## Problem to solve
Only the pictures are to be omitted; everything else in the listing must be reproduced exactly.

## Input data

════

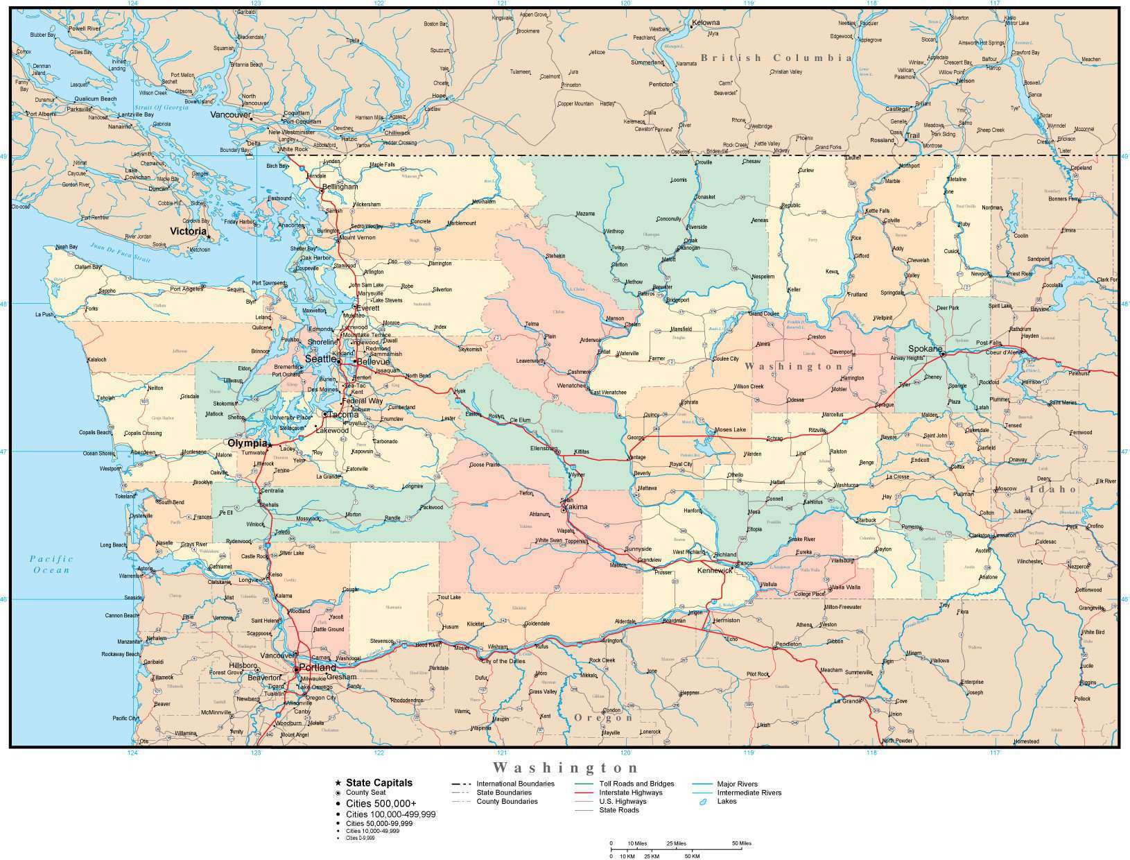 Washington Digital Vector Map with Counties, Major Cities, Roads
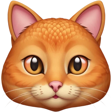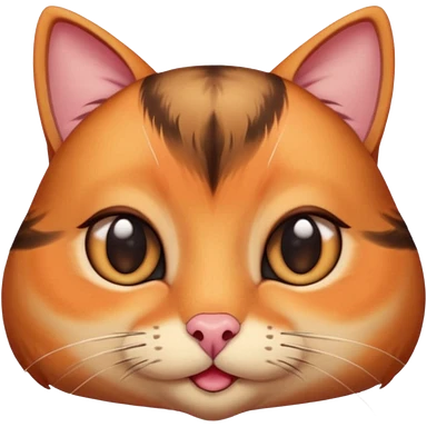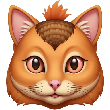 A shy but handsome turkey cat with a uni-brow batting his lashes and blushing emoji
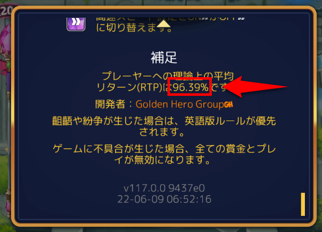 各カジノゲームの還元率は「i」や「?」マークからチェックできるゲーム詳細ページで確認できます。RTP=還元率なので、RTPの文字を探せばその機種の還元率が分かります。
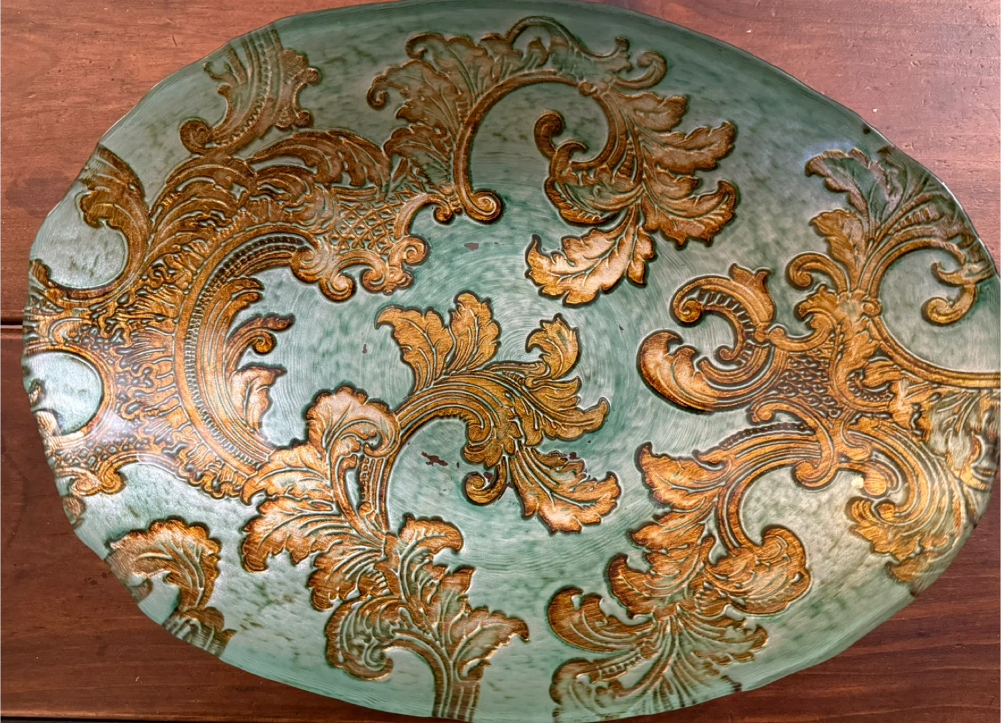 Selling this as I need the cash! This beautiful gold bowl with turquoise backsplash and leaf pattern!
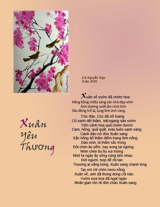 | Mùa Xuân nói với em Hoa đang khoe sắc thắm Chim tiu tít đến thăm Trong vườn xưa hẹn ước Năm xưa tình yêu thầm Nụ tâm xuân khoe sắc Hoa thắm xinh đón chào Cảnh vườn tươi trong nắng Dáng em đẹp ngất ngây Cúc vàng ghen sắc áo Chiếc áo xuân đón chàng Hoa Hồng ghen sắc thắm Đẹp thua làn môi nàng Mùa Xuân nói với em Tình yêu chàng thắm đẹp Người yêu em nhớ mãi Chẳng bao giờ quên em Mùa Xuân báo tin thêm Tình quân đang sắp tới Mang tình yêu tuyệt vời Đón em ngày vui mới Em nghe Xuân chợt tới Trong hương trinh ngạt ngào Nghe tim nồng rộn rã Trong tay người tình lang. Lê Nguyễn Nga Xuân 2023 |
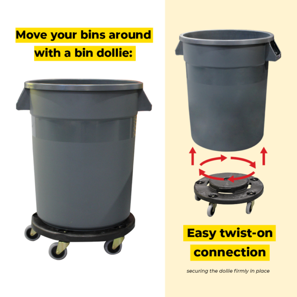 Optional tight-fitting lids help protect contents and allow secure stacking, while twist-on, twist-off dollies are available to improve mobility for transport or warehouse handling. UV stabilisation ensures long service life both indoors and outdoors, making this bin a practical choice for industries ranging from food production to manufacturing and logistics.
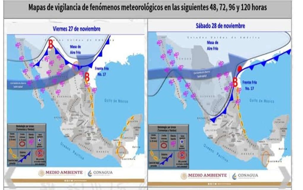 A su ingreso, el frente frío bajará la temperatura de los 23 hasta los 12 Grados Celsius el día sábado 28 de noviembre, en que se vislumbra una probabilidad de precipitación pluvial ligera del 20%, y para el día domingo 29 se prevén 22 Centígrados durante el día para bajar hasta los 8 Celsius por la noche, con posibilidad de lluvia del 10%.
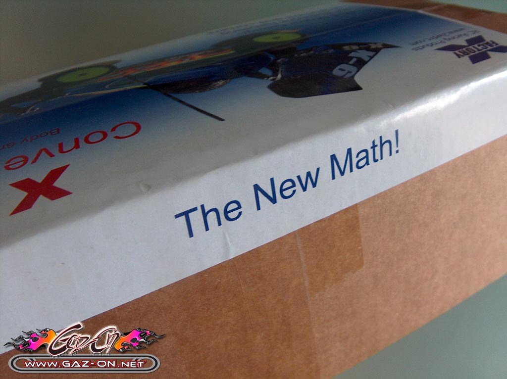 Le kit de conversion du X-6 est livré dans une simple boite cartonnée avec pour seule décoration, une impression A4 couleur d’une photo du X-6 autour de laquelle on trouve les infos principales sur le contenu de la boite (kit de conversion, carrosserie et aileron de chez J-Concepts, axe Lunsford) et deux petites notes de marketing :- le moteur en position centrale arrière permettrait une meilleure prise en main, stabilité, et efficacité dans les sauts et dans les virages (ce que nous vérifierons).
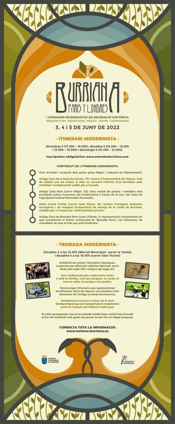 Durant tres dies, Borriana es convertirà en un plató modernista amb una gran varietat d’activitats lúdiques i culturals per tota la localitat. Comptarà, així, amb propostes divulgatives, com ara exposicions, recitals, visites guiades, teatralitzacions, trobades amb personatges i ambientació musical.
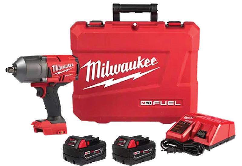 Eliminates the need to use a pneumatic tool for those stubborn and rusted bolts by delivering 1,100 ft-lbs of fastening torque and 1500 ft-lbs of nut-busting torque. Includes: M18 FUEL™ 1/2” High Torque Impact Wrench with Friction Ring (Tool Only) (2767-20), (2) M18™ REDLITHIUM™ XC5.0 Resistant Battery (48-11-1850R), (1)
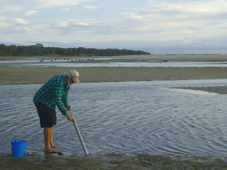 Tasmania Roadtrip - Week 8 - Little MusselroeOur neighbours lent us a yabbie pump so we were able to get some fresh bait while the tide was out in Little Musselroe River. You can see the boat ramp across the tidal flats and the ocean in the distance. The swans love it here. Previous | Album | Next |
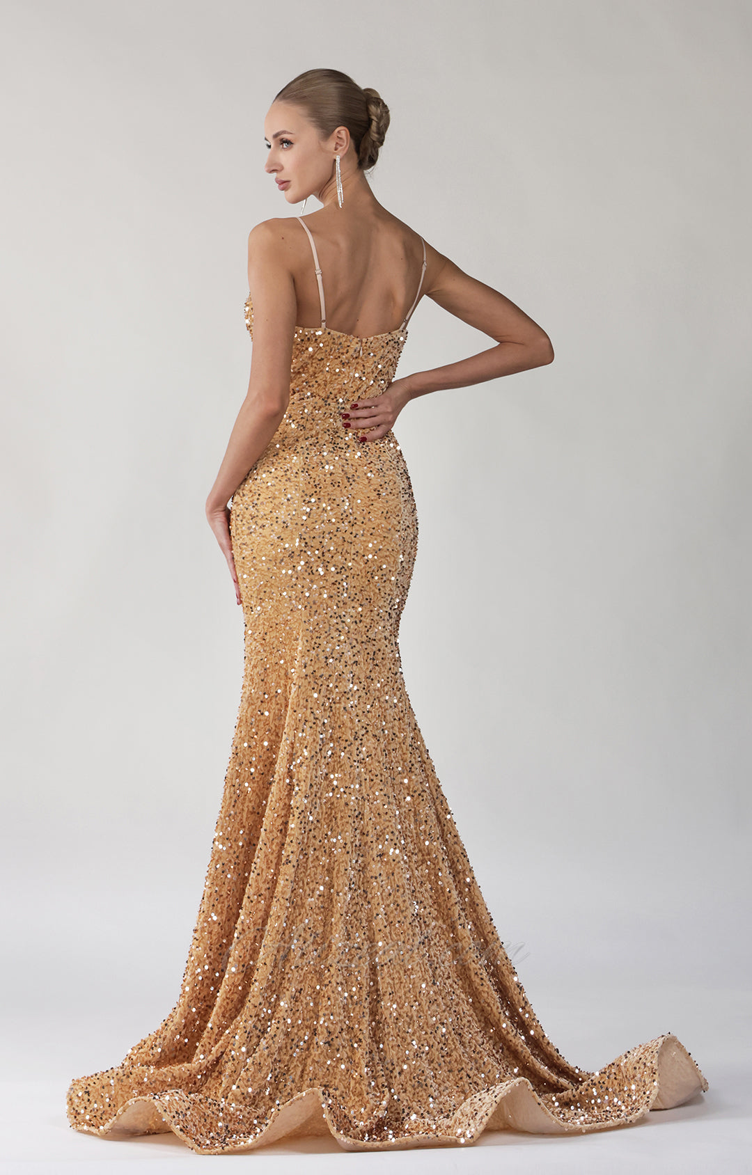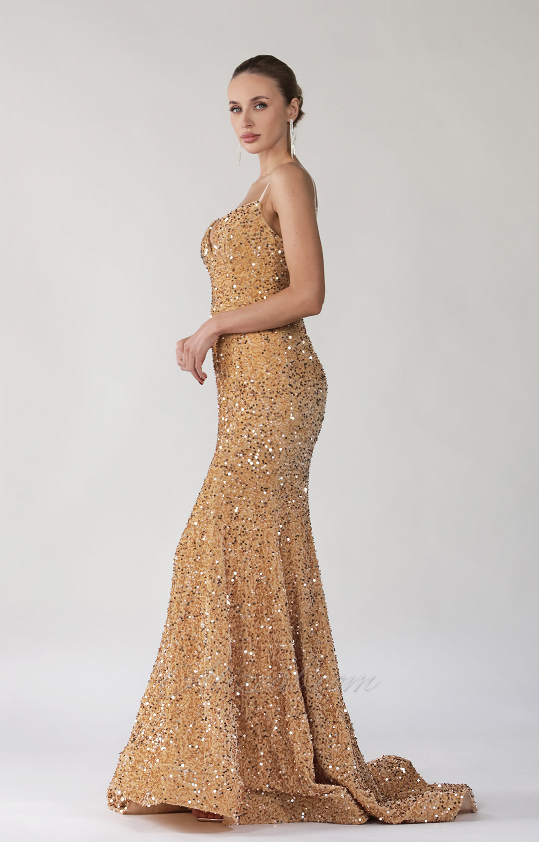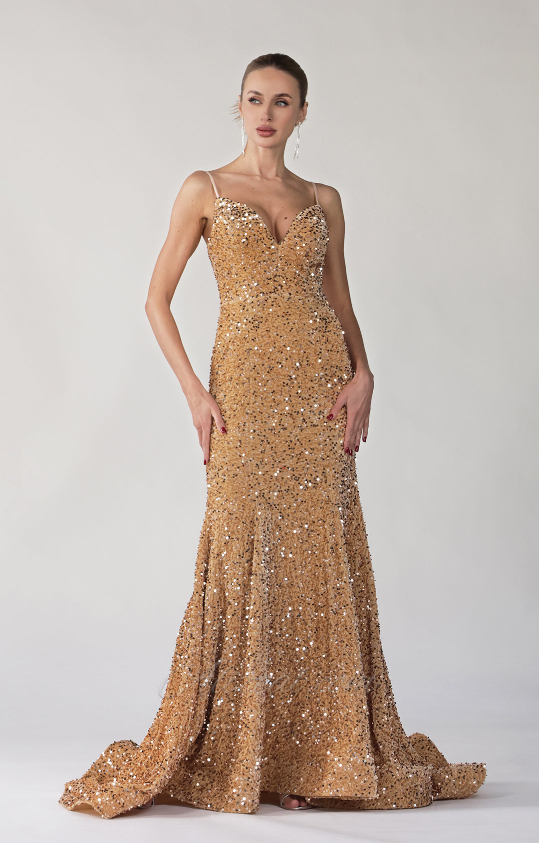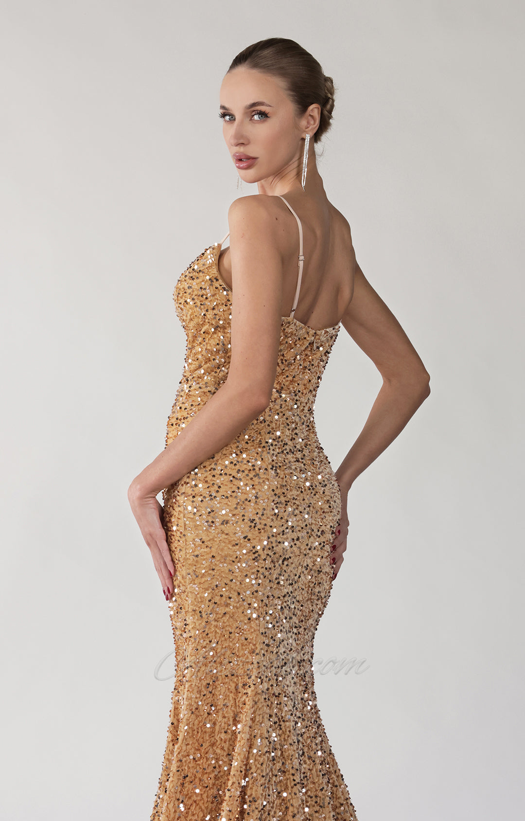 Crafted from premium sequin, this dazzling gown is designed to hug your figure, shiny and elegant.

════

## Exercise result
 Washington Digital Vector Map with Counties, Major Cities, Roads
 A shy but handsome turkey cat with a uni-brow batting his lashes and blushing emoji
 各カジノゲームの還元率は「i」や「?」マークからチェックできるゲーム詳細ページで確認できます。RTP=還元率なので、RTPの文字を探せばその機種の還元率が分かります。
 Selling this as I need the cash! This beautiful gold bowl with turquoise backsplash and leaf pattern!
 | Mùa Xuân nói với em Hoa đang khoe sắc thắm Chim tiu tít đến thăm Trong vườn xưa hẹn ước Năm xưa tình yêu thầm Nụ tâm xuân khoe sắc Hoa thắm xinh đón chào Cảnh vườn tươi trong nắng Dáng em đẹp ngất ngây Cúc vàng ghen sắc áo Chiếc áo xuân đón chàng Hoa Hồng ghen sắc thắm Đẹp thua làn môi nàng Mùa Xuân nói với em Tình yêu chàng thắm đẹp Người yêu em nhớ mãi Chẳng bao giờ quên em Mùa Xuân báo tin thêm Tình quân đang sắp tới Mang tình yêu tuyệt vời Đón em ngày vui mới Em nghe Xuân chợt tới Trong hương trinh ngạt ngào Nghe tim nồng rộn rã Trong tay người tình lang. Lê Nguyễn Nga Xuân 2023 |
 Optional tight-fitting lids help protect contents and allow secure stacking, while twist-on, twist-off dollies are available to improve mobility for transport or warehouse handling. UV stabilisation ensures long service life both indoors and outdoors, making this bin a practical choice for industries ranging from food production to manufacturing and logistics.
 A su ingreso, el frente frío bajará la temperatura de los 23 hasta los 12 Grados Celsius el día sábado 28 de noviembre, en que se vislumbra una probabilidad de precipitación pluvial ligera del 20%, y para el día domingo 29 se prevén 22 Centígrados durante el día para bajar hasta los 8 Celsius por la noche, con posibilidad de lluvia del 10%.
 Le kit de conversion du X-6 est livré dans une simple boite cartonnée avec pour seule décoration, une impression A4 couleur d’une photo du X-6 autour de laquelle on trouve les infos principales sur le contenu de la boite (kit de conversion, carrosserie et aileron de chez J-Concepts, axe Lunsford) et deux petites notes de marketing :- le moteur en position centrale arrière permettrait une meilleure prise en main, stabilité, et efficacité dans les sauts et dans les virages (ce que nous vérifierons).
 Durant tres dies, Borriana es convertirà en un plató modernista amb una gran varietat d’activitats lúdiques i culturals per tota la localitat. Comptarà, així, amb propostes divulgatives, com ara exposicions, recitals, visites guiades, teatralitzacions, trobades amb personatges i ambientació musical.
 Eliminates the need to use a pneumatic tool for those stubborn and rusted bolts by delivering 1,100 ft-lbs of fastening torque and 1500 ft-lbs of nut-busting torque. Includes: M18 FUEL™ 1/2” High Torque Impact Wrench with Friction Ring (Tool Only) (2767-20), (2) M18™ REDLITHIUM™ XC5.0 Resistant Battery (48-11-1850R), (1)
 Tasmania Roadtrip - Week 8 - Little MusselroeOur neighbours lent us a yabbie pump so we were able to get some fresh bait while the tide was out in Little Musselroe River. You can see the boat ramp across the tidal flats and the ocean in the distance. The swans love it here. Previous | Album | Next |
 Crafted from premium sequin, this dazzling gown is designed to hug your figure, shiny and elegant.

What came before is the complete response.